Hallo Christian, danke, dass du dir die Zeit nimmst und mir dein Labor zeigst. An was forschst du hier?

Christian Leppin: Ich forsche in der Arbeitsgruppe von Professor Diethelm Johannsmann am Institut für Physikalische Chemie an Materialien und Prozessen an Grenzflächen. Die Schwingquarzmikrowaage (quartz crystal microbalance, QCM) stellt für mich dabei die Schlüsseltechnik dar. Die Methodik QCM basiert auf einem piezoelektrischen Sensor, der durch eine elektrische Wechselspannung zu mechanischen Schwingungen angeregt wird. Kleinste Ablagerungen bzw. Abscheidungen auf der Sensoroberfläche oder rheologische Änderungen der Messlösung haben einen Einfluss auf diese Schwingung und verändern die Resonanzfrequenz sowie die Dämpfung, wodurch in-situ Beobachtungen der ablaufenden Prozesse möglich sind. Die QCM ist somit ein mächtiges Tool, welches zur Charakterisierung von Polymerschichten, zur Untersuchung elektrochemischer Reaktionen, in der Materialforschung bis hin zu medizinischen Fragestellungen, wie z. B. der Detektion von Erregern oder Proteinwechselwirkungen eingesetzt werden kann.

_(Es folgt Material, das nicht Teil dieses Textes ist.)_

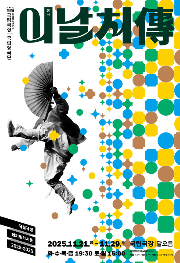 국립극장(극장장 박인건) 전속단체 국립창극단(예술감독 겸 단장 유은선)은 11월 21일(금)부터 11월 29일(토)까지 창극 <이날치傳>을 달오름극장에서 공연한다.

An welchen Prozessen seid ihr konkret interessiert?

Unser Fokus liegt nicht allein auf der Erforschung bestimmter Prozesse, sondern auch auf der Optimierung und Modifizierung der QCM selbst. Umso vielfältiger die unterschiedlichen Anwendungen der QCM sind, umso komplexer kann sich die Auswertung und Interpretation der Messergebnisse gestalten. Ich kann dir gern ein Beispiel geben. Die gängigsten Quarzscheiben haben eine Eigenfrequenz von 5 MHz und aktuelle QCMs, die typischerweise auf Impedanzanalyse oder Ring-Down basieren, liefern eine zeitliche Auflösung von 0.1-1 s. Für dynamische Untersuchungen, wie beispielsweise bei der Charakterisierung von Intermediaten in der Elektrochemie aber auch dem Verfolgen von Trocknungsprozessen dünner Schichten, wie man sie durch Elektrospraybeschichtung oder dem Drucken von pL-Tropfen erhält, ist das in den meisten Fällen viel zu langsam. Deshalb arbeiten wir an der sogenannten fast QCM, die mit Hilfe von Multifrequenz Lockin Verstärkung (MLA) realisiert wird. Das Prinzip kannst du mit der Impedanzanalyse vergleichen, allerding werden anders als bei der Impedanzanalyse weniger Stützfrequenzen verwendet, die dafür simultan gemessen werden. Als Ergebnis resultiert eine Zeitauflösung im Bereich von 1 ms. Unter bestimmten Umständen können auch 100 µs erreicht werden. Die fast QCM ermöglicht es, neben dem Grundton auch Resonanzfrequenzen und Dämpfungen auf mehreren Obertönen parallel zumessen, wodurch neben Massenänderungen auch Änderungen in Rauigkeit sowie den viskoelastischen Eigenschaften bestimmt werden können. Wir sind also mehr daran interessiert, die Informationstiefe zu erhöhen und so das Einsatzspektrum der QCM noch weiter zu vergrößern. Daher beschäftigen wir uns folglich mit einer Vielzahl an unterschiedlichen Anwendungsbeispielen, die wir mit Hilfe der fast QCM charakterisieren. Aktuell liegt unser Interesse auf elektrochemischen Reaktionen (Elektroabscheidung, redoxaktive Moleküle, Wasserelektrolyse, weiteres), dem schnellen responsiven Verhalten von Polymermaterialien sowie der rheologischen Charakterisierung von Biomolekülen (Proteine und monoklonale Antikörper) unter Scherstress.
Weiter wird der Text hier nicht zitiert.